Being away from the garden at any time during spring, summer and fall is difficult. It is never far from the edge of thought, no matter how much fun is being had while on a trip filled with such enjoyable pastimes. The weather was chilly when we left home with warm clothes and furry booties needed. The return temperature was a balmy 93F. Things always happen in the garden during our absence. Long awaited flowers bloom and are finished, totally missed by the camera lens. The early daffodils are done, scorched into history by those high temps. But the hellebores and later daffs are playing their roles, and the trees are just in the very beginning stages of leafing out. Spring was not missed entirely, only the opening act.

Back on the road, A large estate garden, open to the public was on the itinerary. Alone this time, the paths were wandered with cameras in tow.

These beautiful yellow flowered trees were noticed in many commercial areas. None were as large as the specimens in this setting, the Harry P. Leu Gardens. There was no sign identifying them. Does anyone know the name? Added: Many thanks to the alert and early bird Lotusleaf of Garden Tropics for giving the correct ID on this tree, Tabebuia chrysotricha, Golden Trumpet Tree.

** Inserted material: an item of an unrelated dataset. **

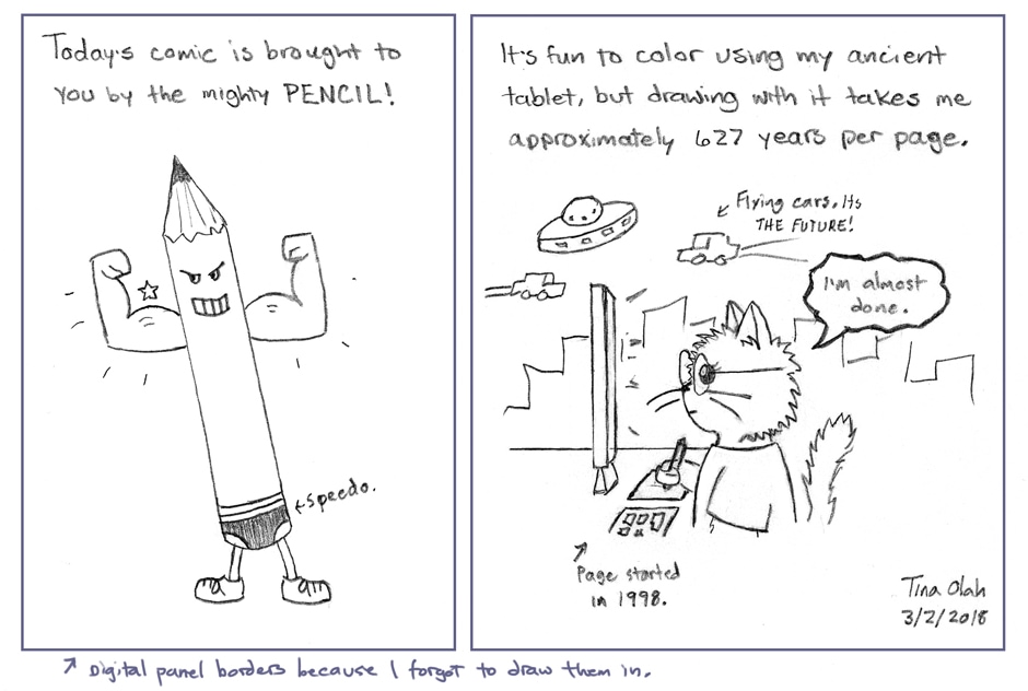 I'm confused. Is your ancient tablet not just a piece of paper or do you mean the second comic is with an older digital tablet? They both look like pencil.
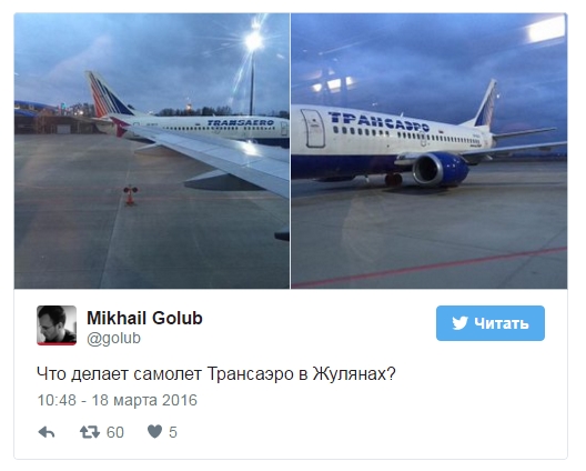 "Что делает самолет "Трансаэро" в Жулянах?", - спросил у фолловеров Голуб.

This garden was about the trees, and magnificent they were. A lineup of Camphor trees, signage included, was breathtaking. Each trunk was festooned with resurrection ferns and bromeliads, adding to the pleaure of gazing upon their girth.

The eptiome of the south eastern US is a Live Oak tree, Quercus virginiana dripping with spanish moss. This is not a true moss at all, but rather a bromeliad, Tillandsia usneiodes, that favors these branches from which to view the world.

Back home is the most wonderful place in the world to be. There is a whole season of delight just around the corner. The steady stream of blooming has begun in earnest. The primrose path has opened for business. The weeds have been very opportunistic, but will soon be covered by the emerging foliage of perennials and shrubs. It is too late to pull them, the seed has been set and flung. Better luck next year for catching them before that happens. What is done, is done. Now we will sit back and enjoy the show. The Think sign is another Blodgett purchase, handily the stake could be taken apart for vehicular safety. Click here to see the best video I could find of the incomparable Aretha in the Blues Brothers movie singing about my new sign.

Maybe this will help identify our vacation spot.

Please join The Financier and LTB in waving bye bye to the wonderful World of Disney, Orlando, Florida style and say hello to spring.


A special thank you to the vivacious Monica the Garden Faerie for thinking up Mish Mash Mondays.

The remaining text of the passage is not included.